[Information shown Boundary: Start]

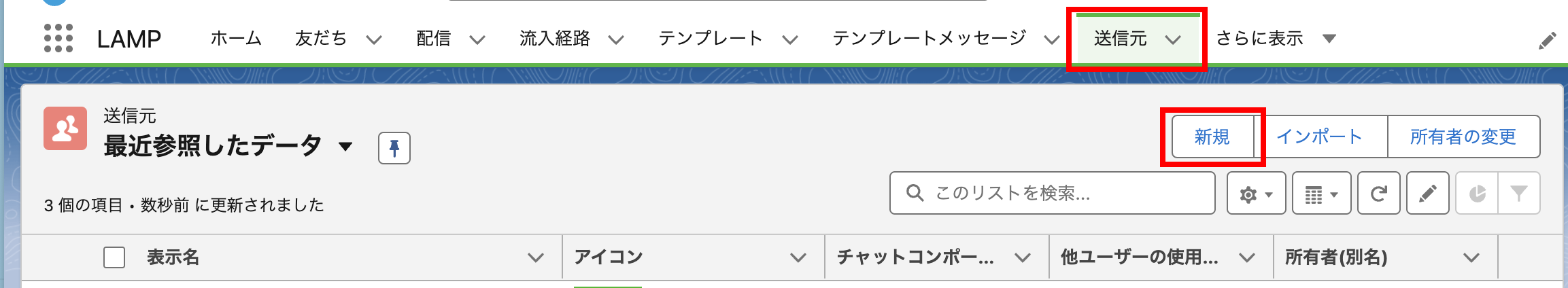 「新規」をクリックし、新規レコードを作成します。
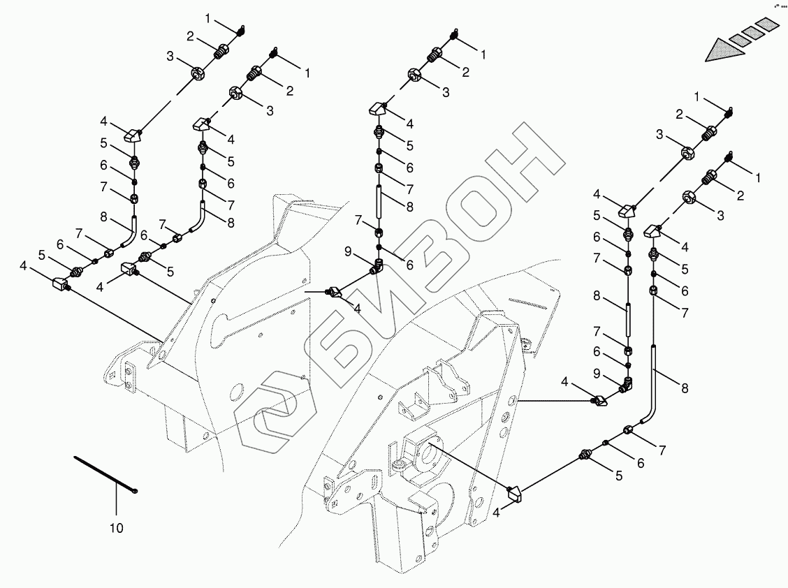 Графический каталог запасных частей к технике: KRONE BIG-M-II. Lubricating line - front CRI
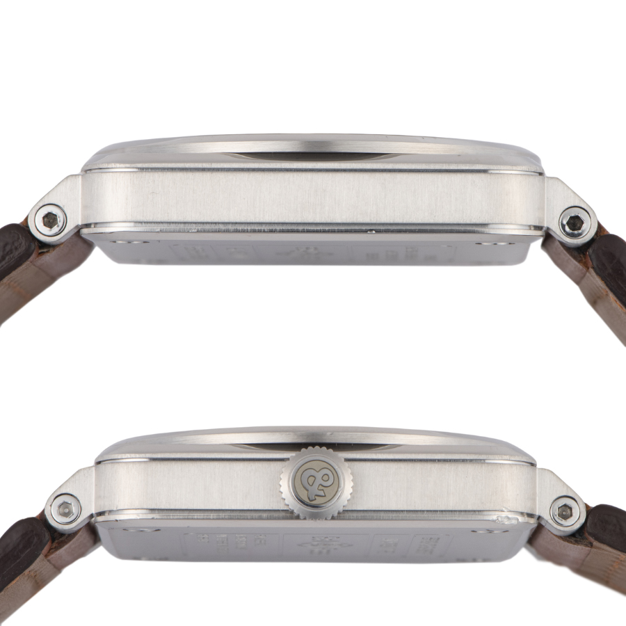 | コンディション | ガラス:欠けやキズはありません 文字盤、針:大変綺麗な状態 ベゼル:薄っすらと打ち傷がありますが目立つほどではありません ケース:ケース角1時位置に打ち傷があり、他にも打ち傷がポツポツとあります ストラップ:使用感はありますが全体に綺麗です 弊社にて研磨仕上げ済み |

[Information shown Boundary: End]

### What this task involves
Working from the material above, transcribe it exactly while omitting pictures.

### Exercise response
 「新規」をクリックし、新規レコードを作成します。
 Графический каталог запасных частей к технике: KRONE BIG-M-II. Lubricating line - front CRI
 | コンディション | ガラス:欠けやキズはありません 文字盤、針:大変綺麗な状態 ベゼル:薄っすらと打ち傷がありますが目立つほどではありません ケース:ケース角1時位置に打ち傷があり、他にも打ち傷がポツポツとあります ストラップ:使用感はありますが全体に綺麗です 弊社にて研磨仕上げ済み |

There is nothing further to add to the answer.